Segment Open
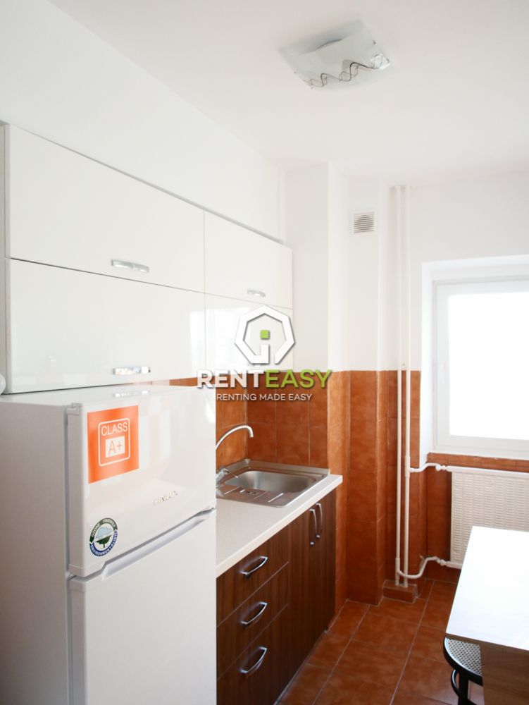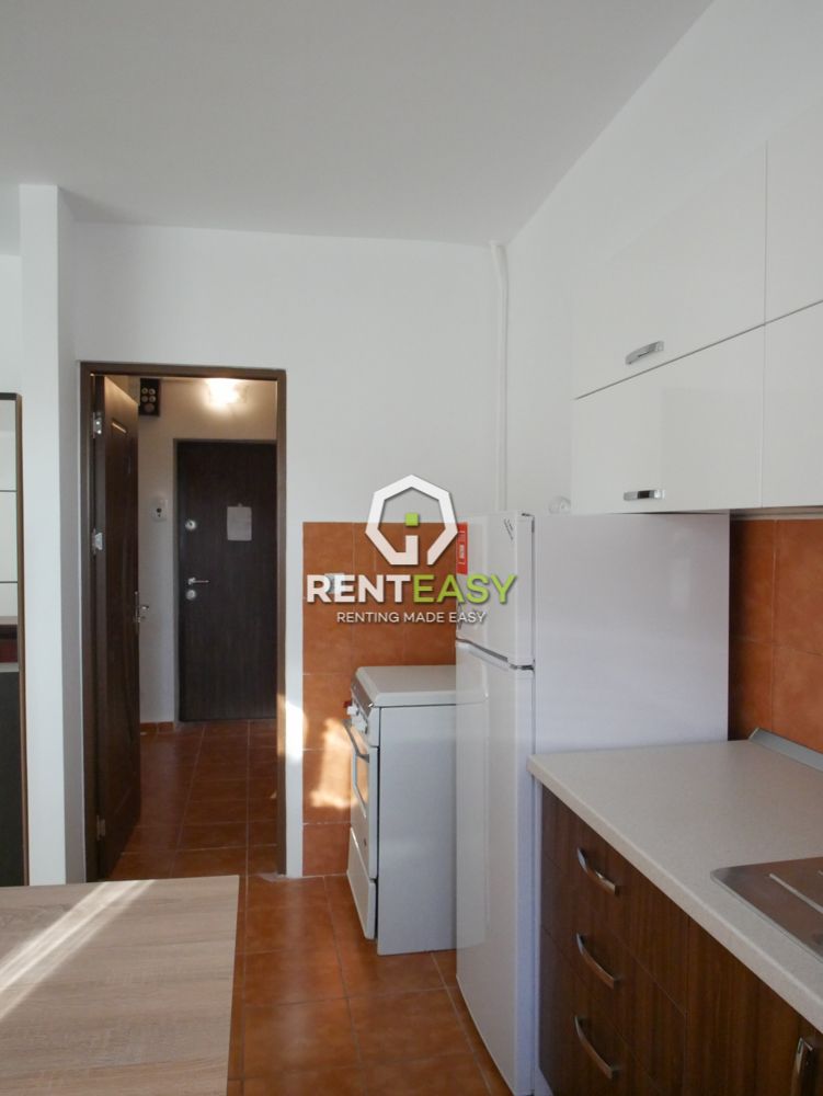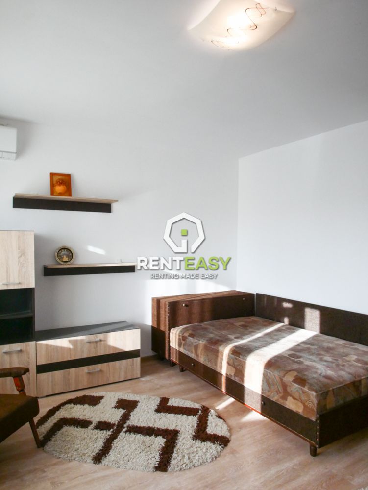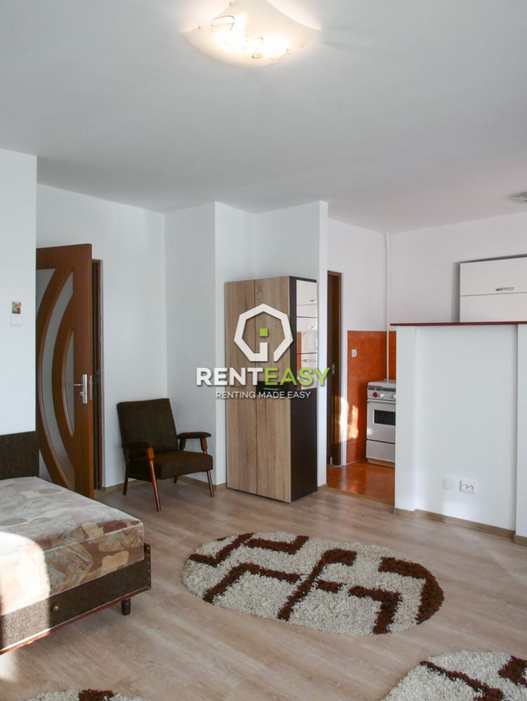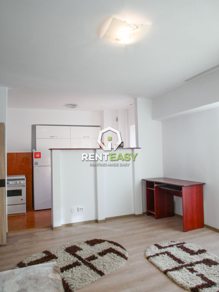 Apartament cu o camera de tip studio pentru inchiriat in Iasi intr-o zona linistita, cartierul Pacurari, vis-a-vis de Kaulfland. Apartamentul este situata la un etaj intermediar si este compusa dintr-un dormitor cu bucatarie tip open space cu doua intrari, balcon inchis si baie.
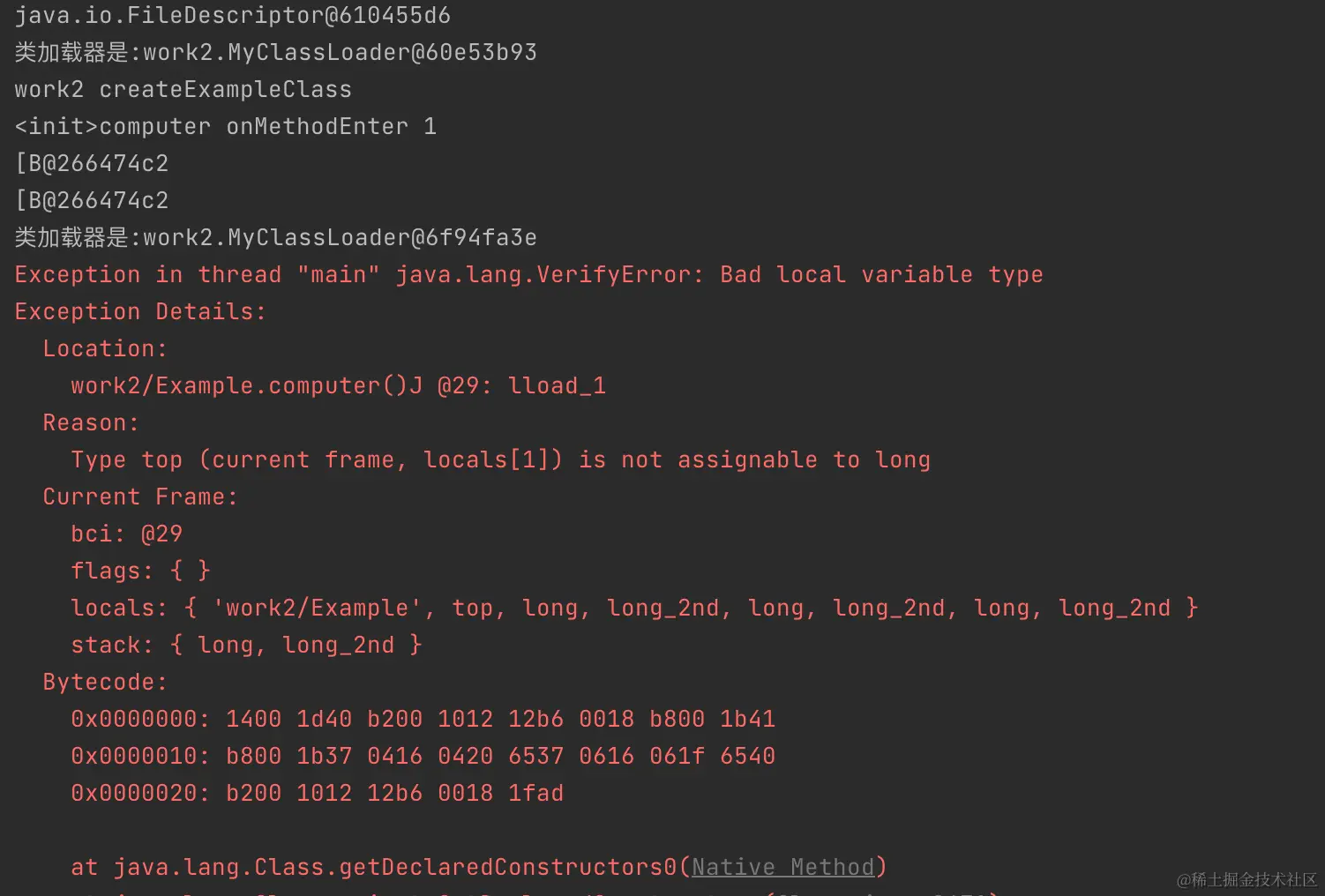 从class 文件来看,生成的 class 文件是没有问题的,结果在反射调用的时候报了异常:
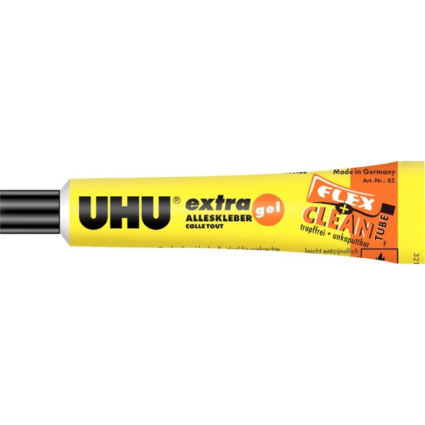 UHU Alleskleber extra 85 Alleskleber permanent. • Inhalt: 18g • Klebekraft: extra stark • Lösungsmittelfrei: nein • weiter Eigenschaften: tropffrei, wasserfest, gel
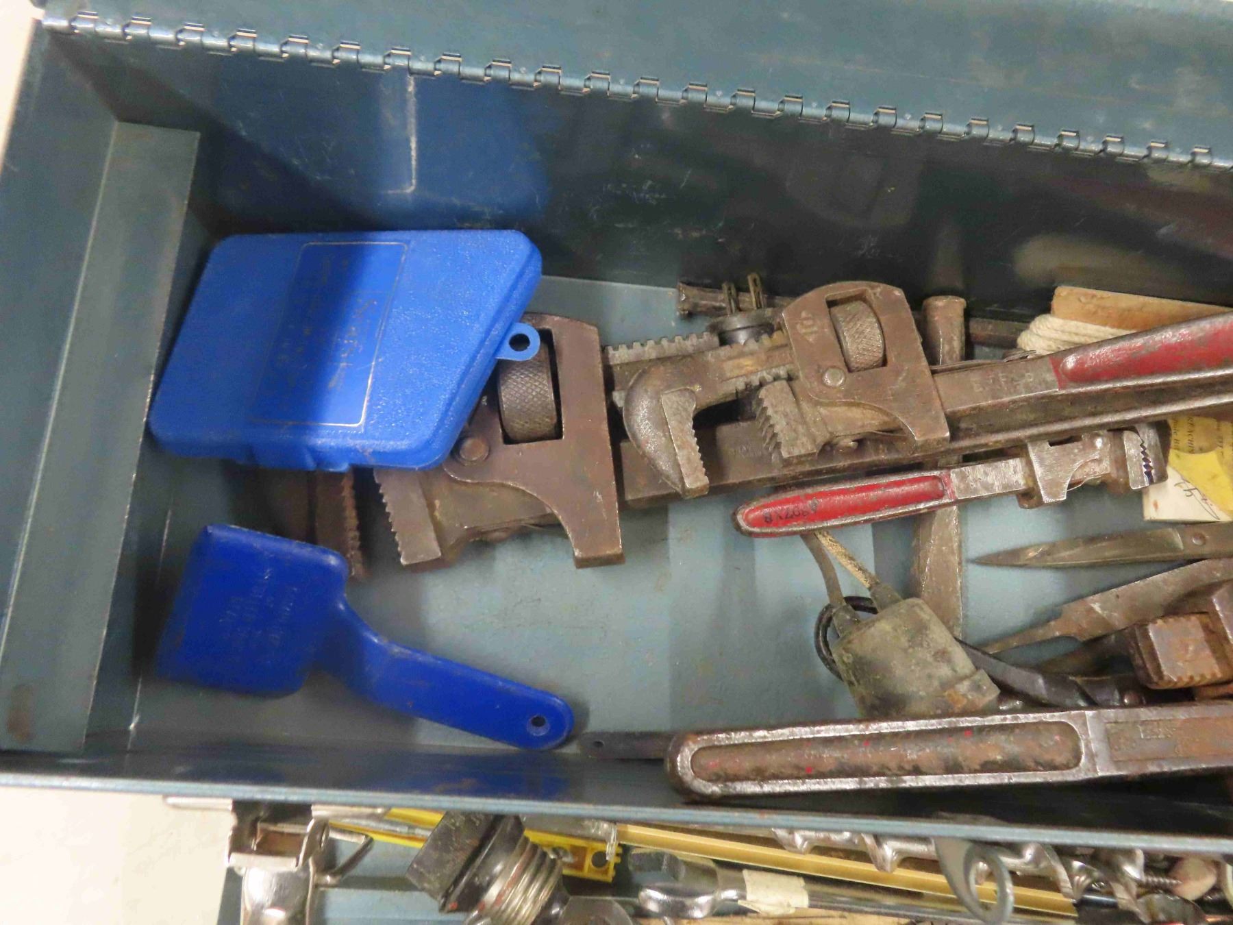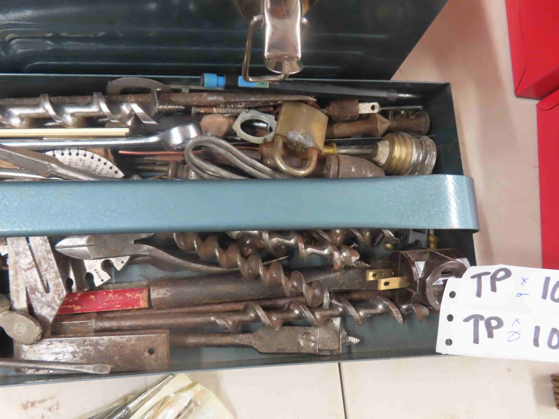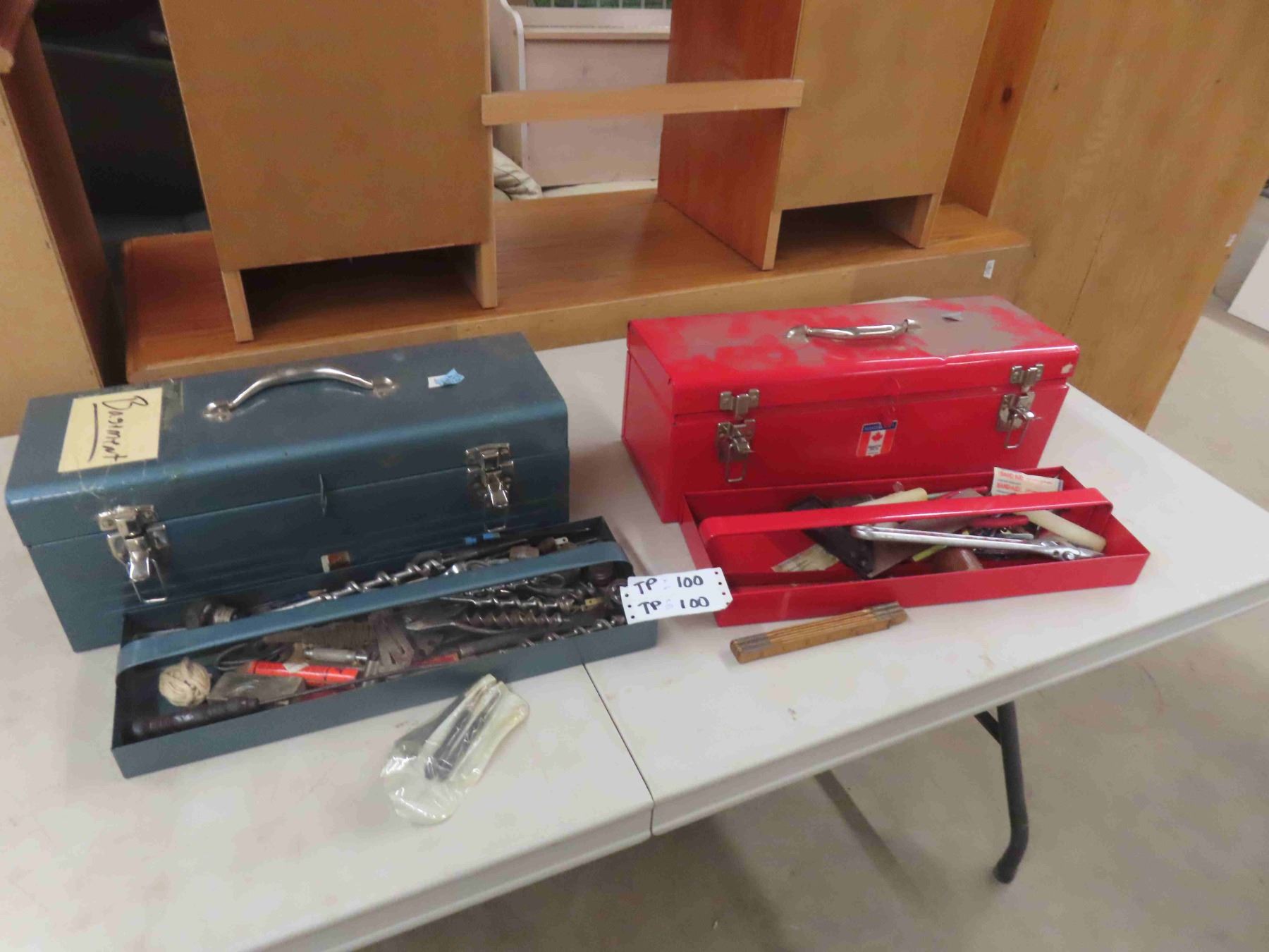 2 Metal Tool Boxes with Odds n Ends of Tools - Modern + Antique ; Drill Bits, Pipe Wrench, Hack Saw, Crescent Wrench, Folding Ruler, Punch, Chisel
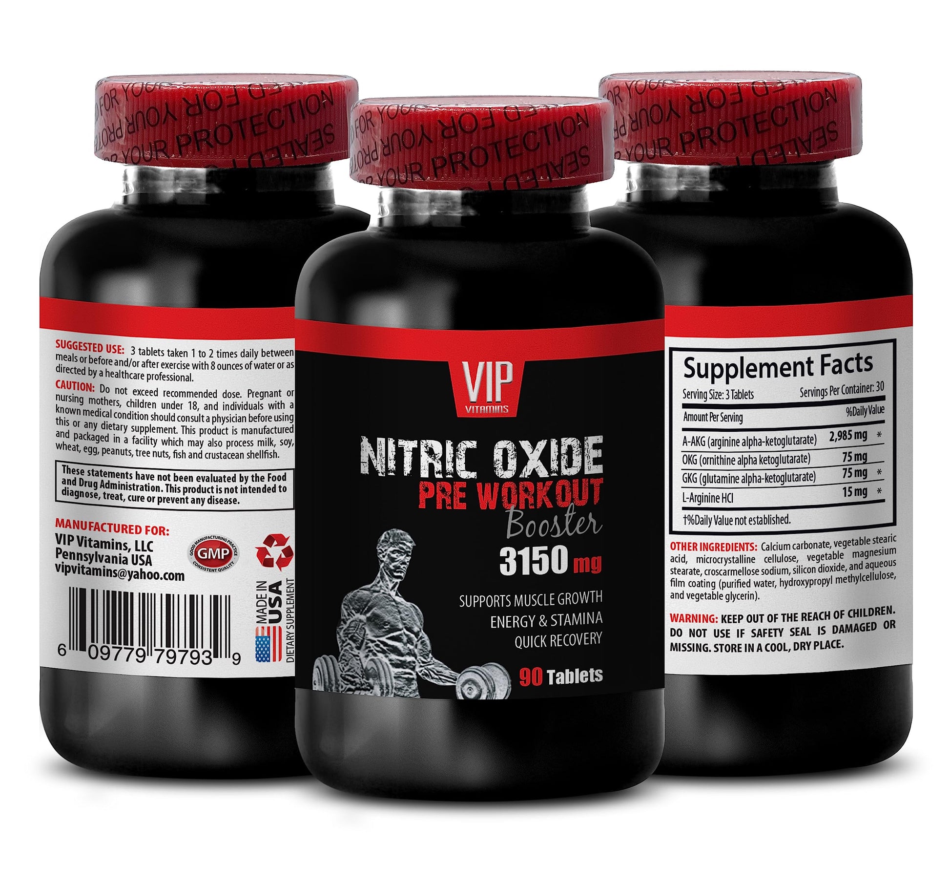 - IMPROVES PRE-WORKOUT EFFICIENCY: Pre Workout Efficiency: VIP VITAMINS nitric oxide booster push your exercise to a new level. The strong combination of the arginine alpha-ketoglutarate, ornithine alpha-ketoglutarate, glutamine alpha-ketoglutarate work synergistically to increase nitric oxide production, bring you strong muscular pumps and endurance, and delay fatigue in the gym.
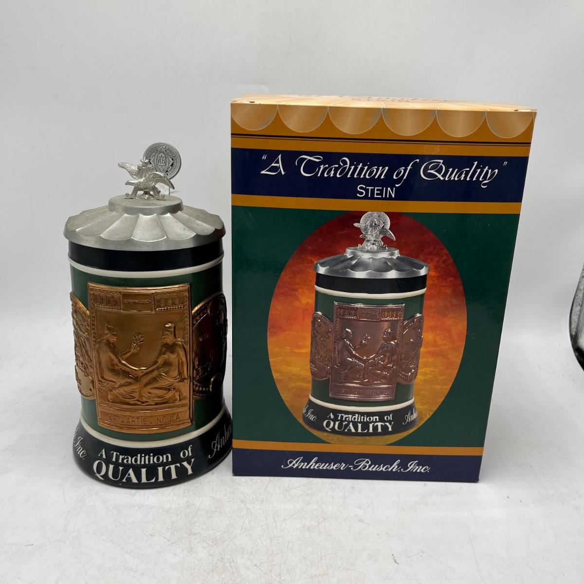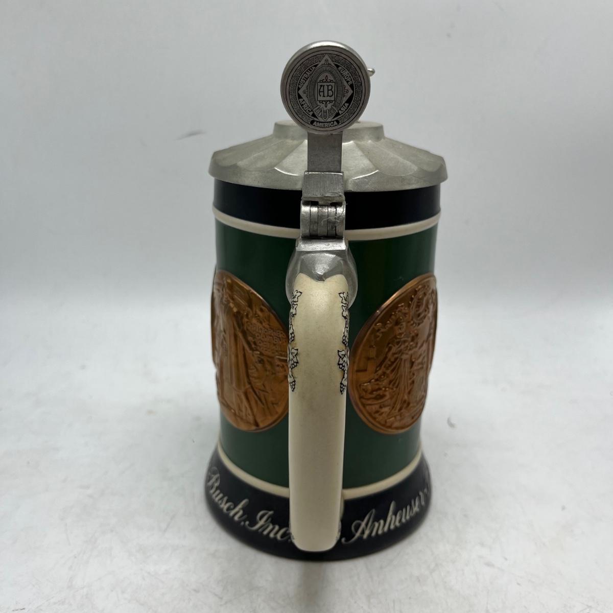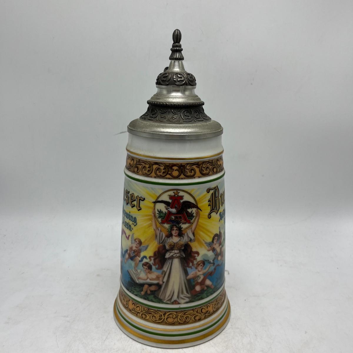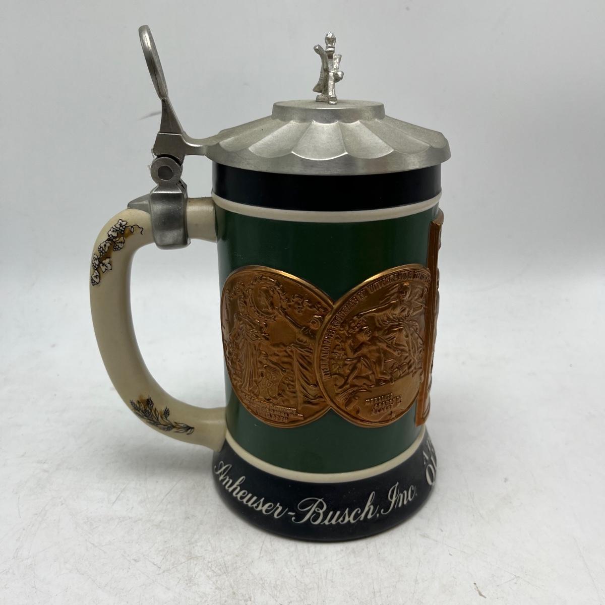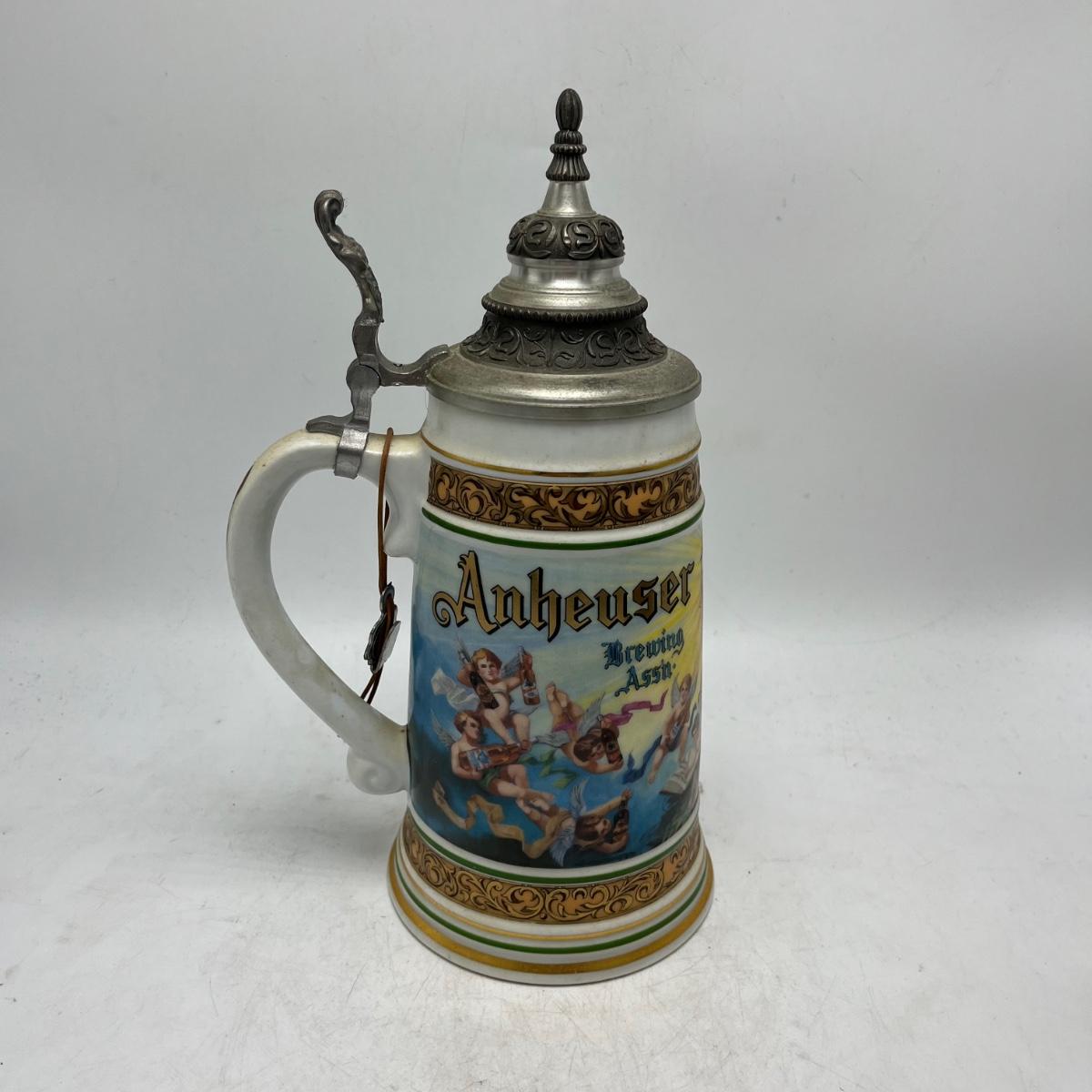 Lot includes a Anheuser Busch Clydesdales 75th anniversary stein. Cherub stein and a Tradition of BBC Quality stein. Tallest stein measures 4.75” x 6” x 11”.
Segment Closed
# INSTRUCTIONS FOR THE TASK
Leaving out all pictures, retype exactly the lines that run from the one containing "- IMPROVES PRE-WORKOUT" through the last line of the material.

# REPLY TO THE TASK
 - IMPROVES PRE-WORKOUT EFFICIENCY: Pre Workout Efficiency: VIP VITAMINS nitric oxide booster push your exercise to a new level. The strong combination of the arginine alpha-ketoglutarate, ornithine alpha-ketoglutarate, glutamine alpha-ketoglutarate work synergistically to increase nitric oxide production, bring you strong muscular pumps and endurance, and delay fatigue in the gym.
 Lot includes a Anheuser Busch Clydesdales 75th anniversary stein. Cherub stein and a Tradition of BBC Quality stein. Tallest stein measures 4.75” x 6” x 11”.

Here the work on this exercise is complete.